# all frig-ge momo



## julie10 (Jan 1, 2003)

feedback from anyone whose every owned an all frig. Thinking of buying ge-monogram built in 36". Not sure of ge products. I have a deep freezer and will be purchasing an ice maker. Any thoughts?


----------



## leethequeen (Mar 13, 2002)

I recently remodeled my kitchen and laundry room with all new g e products. Their customer service sucks. I am very disappointed in so many of the features - don't have the built in frig so can't comment on that but the two refrigerators i have are horrible to keep clean. The door handles are textured and hold the dirt so I have to use a scrub brush to clean them. Its really maddening because there are only 2 adults in the house and i have to clean them daily so they must attract dirt and dust out of the air. Hope the store you buy from has a good warranty program.


----------



## robertito (Mar 26, 2002)

http://ths.gardenweb.com/forums/load...279784.html?19
The above short discussion (among many others, if you perform a search) at "That Home Site" will probably dissuade you from buying GE products.

Apparently, not only do their newer products exhibit poor reliability, but once out of warranty, their parts are 3 or 4 times as expensive as the competitor's.


----------



## alexia (Mar 3, 2002)

And on the GE Profile stove: the burner design sucks - it causes a hot spot; the oven temp is too erratic and the reading on the thermostate is out of sync with the thermometer I keep inside.


----------



## kthull (Oct 9, 2002)

We moved into our house about 5 years ago...new constrution outfitted with all GE appliances. Half have died out by now and I continually see dead heaps at curbside from other houses. 
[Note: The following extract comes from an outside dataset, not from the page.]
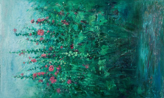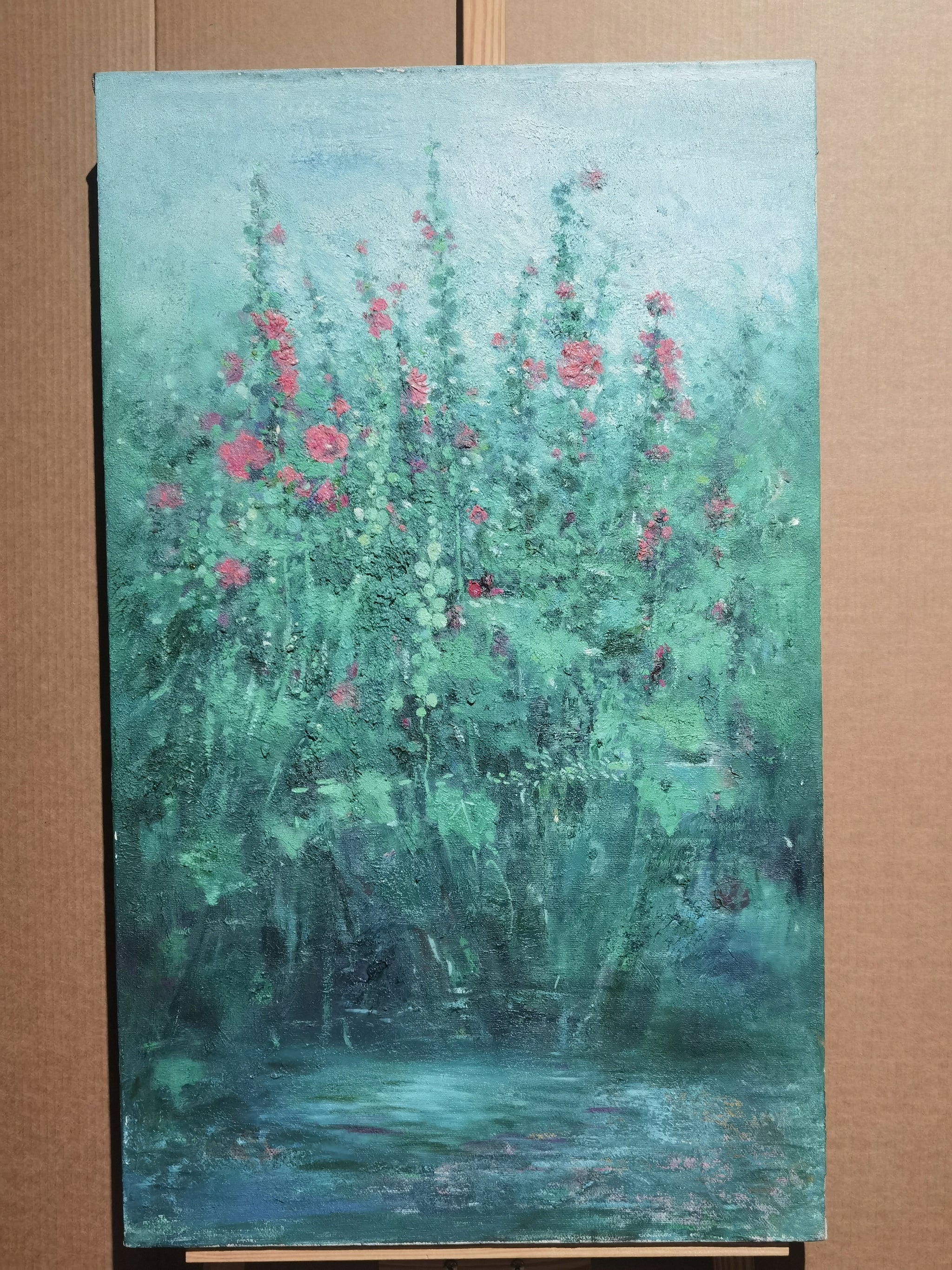 Nameless by Zhaoqiang Zhu is an exuberant oil painting that captures the vivid beauty of hollyhocks in full bloom. Rendered on a horizontal canvas, the composition emphasizes vertical floral forms that rise gracefully against a textured backdrop. Lush chromatic interplay of pinks, reds, and greens conveys both vitality and elegance, inviting viewers into an intimate encounter with nature’s ornamental grandeur.

My oven has had the heating element replaced three times already and it, too, is 50 degrees hotter than what it claims to be. What's worse, it tends to swing an additional 50 degrees or so in either direction. Try explaining that to your meringues!


----------



## robertito (Mar 26, 2002)

Hey Kevin, I went to your site. Will your biz be located in Chicago? My wife is always saying we need somebody to deliver desserts at midnight!


----------



## kthull (Oct 9, 2002)

Thanks for the interest Robertito. 

I'm not quite ready for a commercial kitchen and Illinois has this pesky rule about not using a home kitchen for commercial food prep. Hmmm. That puts me somewhere between a rock and a hard place.  

Once I figure it all out, I'd be glad to notify you. You (or anyone here for that matter) can reply to me off-list ([email protected]) and I'll start up a mailing list for when I launch. At the moment, since I can't bake for sale, I envision myself more as a test kitchen with an Internet presence to be a resource for the home baker.

Though I have to say, I would gladly deliver desserts at midnight to the Chicagoland area.


----------



## lwunderlich (Jan 10, 2002)

Well, I have a GE refrigerator, a GE Microwave (both high-end). The refrigerator's vegetable/fruit drawers shelf holder broke on both of the drawers. This happened within 3 months. The repair person tried to convince me that it was my fault, because I wasn't opening the door to the refrigerator wide enough. The Microwave didn't even make it for 2 weeks before the fan had to be replaced. The repair person tried to tell me that I didn't have it hung on the wall properly, also b***. I'm hoping that the two of them are now fixed properly and I won't have to start looking for others. I have a Whirlpool range, no repairs. Frigidaire dishwasher, no repairs. I will not be buying GE again. Rue


----------